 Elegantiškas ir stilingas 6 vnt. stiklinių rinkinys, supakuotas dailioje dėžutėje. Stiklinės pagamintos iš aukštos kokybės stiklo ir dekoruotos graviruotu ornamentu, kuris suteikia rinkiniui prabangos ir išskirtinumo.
* * *
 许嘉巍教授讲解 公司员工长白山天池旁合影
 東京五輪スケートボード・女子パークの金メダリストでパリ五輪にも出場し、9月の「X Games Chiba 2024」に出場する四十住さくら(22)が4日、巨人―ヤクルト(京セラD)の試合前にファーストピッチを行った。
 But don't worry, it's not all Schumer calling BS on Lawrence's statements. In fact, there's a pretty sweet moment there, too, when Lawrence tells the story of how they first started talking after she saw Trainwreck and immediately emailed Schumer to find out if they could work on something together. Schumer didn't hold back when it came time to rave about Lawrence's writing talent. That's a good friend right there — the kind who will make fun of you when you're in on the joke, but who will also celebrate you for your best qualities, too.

# Instructions to follow:
Reproduce exactly, and with no other material, the lines between those holding "東京五輪スケートボード・女子パークの金メダリストでパリ五輪にも出場し、9月の「X Games Chiba" and "But don't worry, it's", inclusive.

# Solution below:
 東京五輪スケートボード・女子パークの金メダリストでパリ五輪にも出場し、9月の「X Games Chiba 2024」に出場する四十住さくら(22)が4日、巨人―ヤクルト(京セラD)の試合前にファーストピッチを行った。
 But don't worry, it's not all Schumer calling BS on Lawrence's statements. In fact, there's a pretty sweet moment there, too, when Lawrence tells the story of how they first started talking after she saw Trainwreck and immediately emailed Schumer to find out if they could work on something together. Schumer didn't hold back when it came time to rave about Lawrence's writing talent. That's a good friend right there — the kind who will make fun of you when you're in on the joke, but who will also celebrate you for your best qualities, too.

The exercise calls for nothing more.